Ах, если бы он пошел туда служить! Тогда Рубин смело мог стащить из мемуаров Ходасевича эпизод, в который запросто можно было вставить Николая Бруни, ибо Ходасевич, назвав несколько фамилий (Белый, Гершензон, Пастернак, Чулков), написал далее — «и еще кто-то». Вспоминал он, как промозглой поздней осенью восемнадцатого года собралась группа писателей у Манежа, чтобы идти в Кремль к Луначарскому.
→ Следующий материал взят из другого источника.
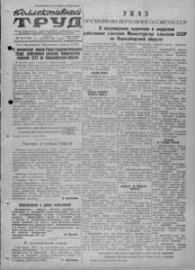 Пролетарии всех стран, соединяйтесь! Орган Кар асунекого райкома ВКП(в) и районного Совета депутатов трудящ ихся, Новосибирской област и .___ I ЧЕТВЕРГ, | № 28 (1 1 ЗЬ) | 8 АПРЕЛЯ 1948 ГОДА ' Цена номера 15 копеек Указ Президиума Верхопного Совета СССР О присвоении званияГерояСоциалистического Труда работником совхозов Министерства совхозов ССР по Новосибирскойобласти » В соответствии с Указом Президиума Верховного Совета СССР от 29 марта 1947 года за получение высоких урожаев ржи при выполнении совхозом плана сдачи государству сельскохозяйственных продуктов в 1947 году и обеспеченности семенами зерновых культур для весеннего сева 1948 года присвоить звание Героя Социалистического Тоу- da с вручением ордена Ленина и золотой медали Серп и молот*'. 1. БЕРЕЗИКОВУ Якову Акимовичу--директору зернового совхоза «Завьялов- ский», получившему урожай ржи 30,8 центнера с гектара на площади 81 гектар. 2. ИЛЬИНУ Николаю Алексеевичу старшему агроному зернового совхоза «Завьяловский», получившему урожай ржи 30,8 центнера с гектара на площади 81 гектар. 3. КИШКИНУ Андрею Петровичу — управляющему отделением зернового совхоза «Завьяловский», получившему урожай ржи 30,8 центнера с гектара на площади 81 гектар. 4. КОКОРИНУ Леониду Петровичу—звеньевому зернового совхоза «Завьяловский», получившему урожай ржи 31,3 центнера с гектара на площади 39 гектаров. 5. НАГИШЕВУ Павлу Ивановичу -звеньевому зернового совхоза «Завьяловский», получившему урожай ржи 30,36 центнера с гектара на площади 42 гек- та ра. Председатель Президиума Верховного Совета СССР / / . шв е р нт с . Секретарь Президиума Верховного Совета СССР А. ГОРКИН. Москва, Кремль. 1 апреля 1918 г.' Пионеры в помощь совхозу Пионеры семилетней школы совхоза имени Дзержинского решили помочь рабочим в выращивании богатого урожая. Для этого они создали звено из 18 человек. Руководить им стала пионервожатая тов, Рассо- ловй. Дирекция совхоза отвела| звену участок площадью в| 8 гектаров. Еще с зимы! пионеры приступили к сбору золы и птичьего помета. Сейчас они учатся, как и в каком количестве вносить удобрения в почву, часто! ооращаются за советами совхозному агроному. к Свой участок пионеры решили засеять классными семенами. С этой целью они организовали ручной отбор зерна: уже приготовлено 6 центнеров. Сейчас звено ведет наблюдение за нолем, чтобы не упустить талые воды. Как только участок освободится от снега, пионеры разбросают но нолю навоз и внесут в почву другие удобрения. На своем участке пионерское звено обязалось вырастить урожай пшеницы по 150 пудов с каждого гектара. Н. Близнюк. Электричество в домах колхозников Закончилось строи-\ Колхоз приобрел р а - тельство и оборудэва- даоаппаратуру . К о л х о з- ние электростанции в ника сельхозартели ре- колхо зе „Пятилетка*, шили: в течение лета 2 апреля в колхозном нынешнего года ввести кл уб е, конторе, на жи- в эксплоатацию радио- вотноводчеекпх фермах у з е л , радифицировать и и в домах колхозников телефонизировать к о л- ярко загорелись лампоч- Х03 ки Ильича. Мощность электростанции 35 ки ловатт. Д. Пестов. Колхозник артели „Пятилетка''. В лесоторговом складе 0 мая месяца 1947 года в Карасуке функционирует лесоторговый склад. За прошедший период он реализовал среди колхозов, колхозников, рабочих и служащих района более 1000 кубометров дров, много мебели и других деревянных изделий. Сейчас

Они шли жаловаться на голод и холод, на невозможность писать из-за необходимости просиживать штаны ради нищенского пайка в своем бессмысленном Театральном отделе, они еще надеялись на что-то, боясь признаться даже самим себе, что не очень понимают — на что. Ибо надеяться было уже поздно. Даже паек уже вот-вот собирался превратиться в пайку. Величественно и быстро разворачивалась одна из самых страшных трагедий: трагедия всеобщей сбывшейся мечты.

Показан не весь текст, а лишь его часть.